#BTColumn – COVID-19 is no sprint; it’s a marathon

Disclaimer: The views and opinions expressed by this author are their own and do not represent the official position of the Barbados Today.

by Kim Penfold

With our latest surge in COVID cases in Barbados, and the related panic and rumour on social media, I thought it might be useful to add some context and perspective.

I have compared the Barbados figures with those for Stockport in the UK where my Barbadian wife and I lived for 30 years before we retired to Barbados.  Stockport has a population of 293,423 (2019 estimate) which is close to the 286,641 Barbados 2020 estimate.

Stockport is a Borough in the North West of England just outside Manchester but has not suffered as badly as some areas in the region. The reasons for that difference link to socio-economic factors for the most part, as Stockport is a relatively wealthy part of the North West.

Up to 25 January 2021 Stockport had suffered 512 deaths linked to COVID. Total cases recorded in Stockport were 16,717 and current cases over a seven day period were 934 which is 318 per 100,000 (and has been a lot higher).

The current case rate is actually 21 per cent lower than the previous week which probably shows the impact of re-introducing restrictions in England that had been relaxed over Christmas. The 16,717 figure for total cases is probably an under-estimate as there was very little testing in the early days in the UK and most asymptomatic and mild cases will have
been missed.

This compares with Barbados figures up to 23 January of 9 deaths (with the tenth reported in the press on 25 January), 1,387 total cases, and 744 active cases.

The 744 active cases equate to 248 per 100,000.  It should be noted that the definition of “active case” is not the same as the UK “current case”.

One of the things being done well in Barbados is track and trace. England lost the plot on this early on by trying to do it centrally through Public Health England (a body which is now being dismantled) rather than by the local authorities who had the expertise and experience.

The fact that we haven’t found “case zero” in Barbados is not a failure – case zero may have been asymptomatic and therefore very hard to find.

One thing they calculate in England is the R rate, this is reproduction rate of the virus in terms of the number of people infected by each person who has it (whether symptomatic or not). This needs sample survey data representative of the whole population as well as some other statistical input. At present they estimate R in Stockport in the range 1.0 – 1.4.

Any figure above 1.0 means the pandemic is growing, while below 1.0 means it is shrinking. For England overall, R is now 0.8 – 1.0 and the growth rate is negative, between -4 per cent and 0 per cent.

The infection survey figure itself has dropped from 1 in 50 people in England having the disease last week to 1 in 55 this week (all these figures are reckoned to be within 95 per cent confidence limits which is standard but does mean small changes are not necessarily “statistically significant”, so it is best to look at trends over a longer period).

These figures show two things. One is that COVID is not the easiest thing to catch if you are careful and, secondly, that tightening up restrictions a little bit at the beginning of January in England has already had an effect.

So, my conclusion is that the Barbados Government and its public health professionals have done a pretty good job with early restrictions and control of the borders.

The recent changes come from people becoming complacent and not sticking to the protocols (and I don’t care whether they are visitors, residents or citizens – the same rules apply).  I support Lt Col Bostic when he says we need to follow the protocols and the figures will then move the right way. We should all (young and old) continue to follow the simple advice and limit our social contact.

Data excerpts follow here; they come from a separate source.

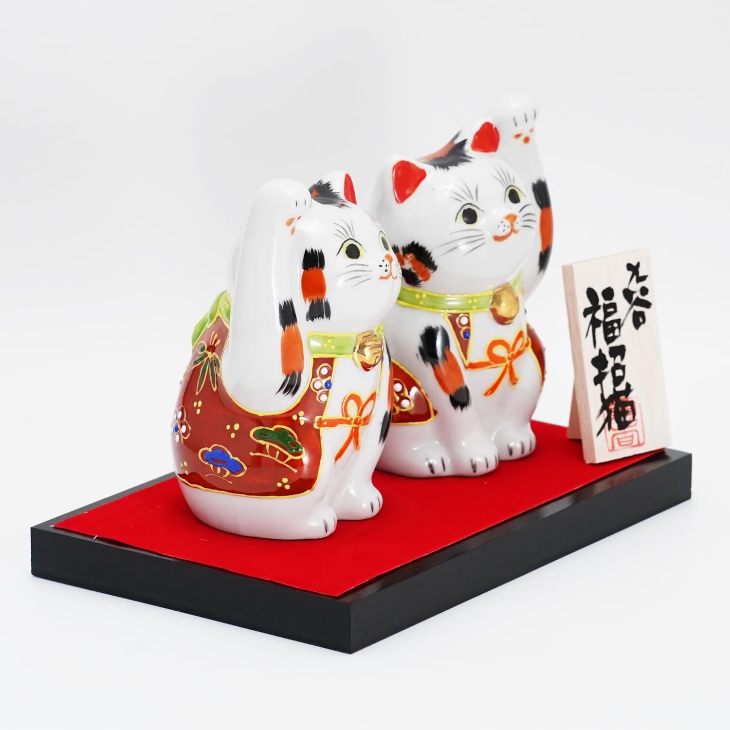ふくべ屋 九谷焼 ペア招き猫 台座・敷物・立札付 右手・左手猫セット 金運・人を招く 置物 インテリア 新築祝い 開業祝い ギフトにも最適 (高さ10.5cm 幅6.5cm)
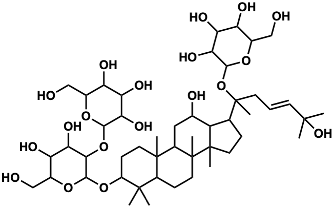 InChI=1S/C48H82O19/c1-43(2,61)13-9-14-48(8,67-41-38(60)35(57)32(54)25(20-50)63-41)22-10-16-47(7)30(22)23(52)18-28-45(5)15-12-29(44(3,4)27(45)11-17-46(28,47)6)65-42-39(36(58)33(55)26(21-51)64-42)66-40-37(59)34(56)31(53)24(19-49)62-40/h9,13,22-42,49-61H,10-12,14-21H2,1-8H3/b13-9+ |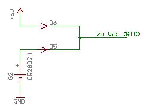 Salut, ist wahrscheinlich eine "Arduino" Frage, aber warum gibt es sog. "Battery Backup Switches", die automatisch von der PSU Spannung (z.B. 5V) auf eine Batteriespannung (z.B. 3V) umschalten, um z.B. einen RTC "am Leben" zu erhalten, sobald die Primaärspannung wegbricht - also das Gerät ausgeschaltet wird? Ich meine hier z.B. den ICL7637: https://eu.mouser.com/ProductDetail/Renesas-Intersil/ICL7673CPAZ?qs=sGAEpiMZZMsfD%252BbMpEGFJeOX5v5g90nkwtdL5vuKUz0%3D Es geht doch auch wie auf dem Bild (s.Anhang). Wo liegen die Vorteile in einem IC für > 2,-€ ggü. zwei Dioden? Merci.

Finally, when we get vaccinations we must not relax immediately. I pass on the advice from the epidemiologist Prof Jonathon Van-Tam in the U.K. who is reminding people that benefit of the first dose does not come immediately, full benefit from the second dose is not immediate either, and immunity from symptoms does not mean you can’t carry the virus and pass it on.

The full benefit of vaccination requires high take up and we will need to continue with social distancing for quite some time.

As they say, this is a marathon not a sprint, and we all need to persevere with the careful behaviour that will get us to the finish.